Os textos que ilustram a entrevista são extraídos dos dois livros de Vera Felicidade, publicados até então: "Psicoterapia Gestaltista Conceituações" (1973) e "Mudança e Psicoterapia Gestaltista" (1978)


(primeira entrevista sobre Psicoterapia Gestaltista)



Radice - No Fla X Flu das terapias - No aqui-e-agora, todas as velhas formas de repressão à solta - pau nelas com todas as possibilidades de resistências. Sem essa de Fla X Flu!


Vera - A vantagem que eu acho de uma terapia gestaltista é que ela não perde tempo com deslocamentos, não leva um ano incentivando que o indivíduo consiga se aceitar mais ("você é bom, é capaz, trabalhe…") ou ajudando a encarar o sexo de uma maneira mais "normal". A terapia gestaltista vai direto, e às vezes as outras levam muito tempo curtindo, tipo "como faz falta minha mãe…" e leva um ano isso, servindo até pra você ter uma base pra condicionar e racionalizar outros porblemas, o que resulta numa adaptação e num melhor desempenho, mas que lhe desestrutura cada vez mais.


Rádice - Sem papo de cerca-lourenço?


Vera - É, isso vai chegar no papo da alienação. Ninguém melhor que a própria pessoa pra resolver os seus problemas, em termos de sobrevivência! Problemas sociais, arranjar emprego… talvez um conselho, ou que alguém lhe tire alguma mordomia. E essas coisas mal enfocadas é que levam a terapia a um descrédito: "Ah, fulano nunca fez terapia e é isso e aquilo e está bem, o outro faz, faz e não resolve". Foi problema social, foi de sobrevivência. Agora, o problema realmente humano, de estruturas existenciais para ser resolvido, é necessário que haja um confronto com o outro. Mas o outro tem que ser um existente, não pode ser um porta-voz dos valores nem do sistema. Então só funciona uma terapia que disponha realmente de conceitos e entenda o ser humano como um existente e não como um fruto de um processo social de adaptação. Aí o problema pega, e nessa hora vai se incompatibilizar com (já rindo…) sociólogos, quadrados, caretas, todos, todos se incompatibilizarão. Hoje em dia, um dos maiores fatores de repressão é o psicólogo! (Branco geral…). O psicólogo "em geral", que trabalha com qualquer técnica, que se preocupa mais em ajudar do que entender o ser humano. Por que a psicologia tem cem anos (está fazendo agora, psicologia científica, de laboratório etc) e não tem uma metodologia? Porque a proposição do psicólogo foi aquela: "Eu quero ajudar o meu semelhante." Resultado: no que ele quis ajudar, procurou medir, saber as diferenças individuais, tudo com a melhor das intenções - de como ajudar mais. (Explosão de risos…). Mas, ele terminou criando os padrões. Quer coisa mais reacionária que os testes de QI? O sistema se aproveita de tudo…

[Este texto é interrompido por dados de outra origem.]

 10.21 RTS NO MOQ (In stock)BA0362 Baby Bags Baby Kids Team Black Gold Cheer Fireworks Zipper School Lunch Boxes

Então vem essa obsessão em adaptar (agora, um pouco melhor por causa desse movimento alternativo, mas até o início dos anos 70 a preocupação era com a adaptação incongruente). Propondo-se a adaptar, você já parte da idéia de que o homem é como um líquido: você tem que arranjar um vaso onde ele caiba bem; o homem vira água. Então, é muito valorizado quando a pessoa facilmente se adapta… o que é uma coisa negtiva: o facilmente você se adaptar a uma situação, que não tem nada a ver com você, significa uma coisa desastrosa; é você se transformar numa inconsistência geral para se adequar.


E aí, quando o psicólogo vem com aquelas teses de "você tem que se permitir o prazer; você tem que não se policiar tanto; a velhice deve ser considerada; é preciso ajudar o jovem; a criança é o ser do futuro", essa série de estereótipos e chavões muito apelativos te reprimem, criam uma espécie de código ético e moral: "não fica bem eu maltratar um velho porque uma pessoa boa, um ser humano que se preze, não maltrata um velho", "cuidar de bichos é bom"… E por aí os padrões, além de todos os valores existentes…

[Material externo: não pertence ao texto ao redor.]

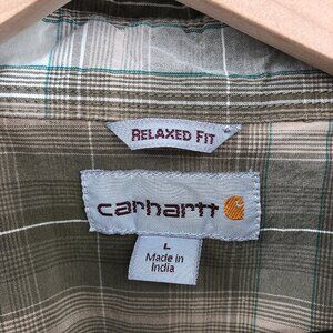 Carhartt Relaxed fit short sleeved button up shirt brown plaid workwear L men's

Rádice - Como é que fica o auto-conhecimento sem ser fazendo referência a todos esses valores?


Vera - O auto-conhecimento enquanto vivência de personalidade é exequível, posicionável. O auto-conhecimento como individualidade depende do relacionamento com o outro, da personalização (o despersonalizado não consegue se conhecer, porque está limitado pelo seu próprio auto-referenciamento, pela sua neurose). Teria que pegar o indivíduo dentro da história dele: ele entender como se sente, o que ele quer, o que ele não é, quais são os problemas… fazer uma visão geral dele próprio. Aí ele começa a entender que 90% do que endossa e acha que é, foi-lhe dado, ele recebeu aquilo sem questionar, socializou, mas sem participar. Daí ele se reconhece através dos padrões e valores que representa e mantém; o que ele conhece são os seus limites vivencados como seu mundo, e aí ele distorce a realidade; e fica difícil, é como o racismo: "eu não sou racista, você não é racista, você, também, não é racista"; a gente não é porque já tem um tal estágio, que não é. Mas numa situação prática, quando você vai afundar mesmo a coisa, começa a sentir coisas lá…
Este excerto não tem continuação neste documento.